И все же охладел государь к Бенкендорфу после гибели Пушкина. Меньше стало доверия. Двор это сразу почувствовал, особенно недруги, коих было немало у графа на самом верху власти. Трудно, неуютно стало Бенкендорфу. Но тем не менее обязанности государственные и новые поручения выполнял добросовестно. В 1840 году был назначен заседать в комитеты о дворовых людях и по преобразованию еврейского быта. Все знали, что Бенкендорф доброжелателен к евреям, и царь считал, что генерал будет полезен здесь. Добросовестно работал Бенкендорф, но вдохновения не было, ушло, растаяло. Надломилась душа после пушкинского января 1837 года.

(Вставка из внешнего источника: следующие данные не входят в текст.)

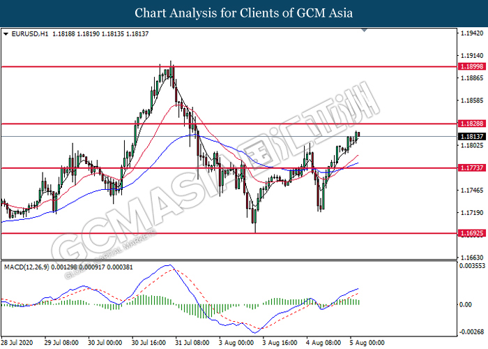EURUSD, H1: EURUSD was traded higher following prior breakout above the previous resistance level at 1.1775. MACD which illustrate bullish bias momentum suggest the pair to extend its gains toward the resistance level at 1.1830.

Однажды сверкнула простая мысль: для чего? Для чего эта долгая борьба с оппозицией? Если бы была великая цель, как у Петра, превратить Россию в великое государство, что на равных с Европой, — можно и побороться с противниками царя. А при близком друге Николае вся борьба во имя укрепления личной власти. Не великая цель. Но сколько сделано во имя ее Третьим отделением! В 1844 году Бенкендорф отправился в Европу на воды, поправить здоровье. Взял пособие в полмиллиона серебряных рублей, из которых большая часть ушла на долги. Расстроился. А здоровье действительно дало трещину. Почти двадцать лет бессменной службы, да еще какой! И шеф жандармов, и глава Третьего отделения, и начальник охраны императора. Достойные люди противостояли Бенкендорфу: Герцен, Белинский, Чаадаев, Лермонтов, Пушкин какие величины! Но и сам личность не уездного масштаба. Однако устал, все на нервах, особенно последние годы.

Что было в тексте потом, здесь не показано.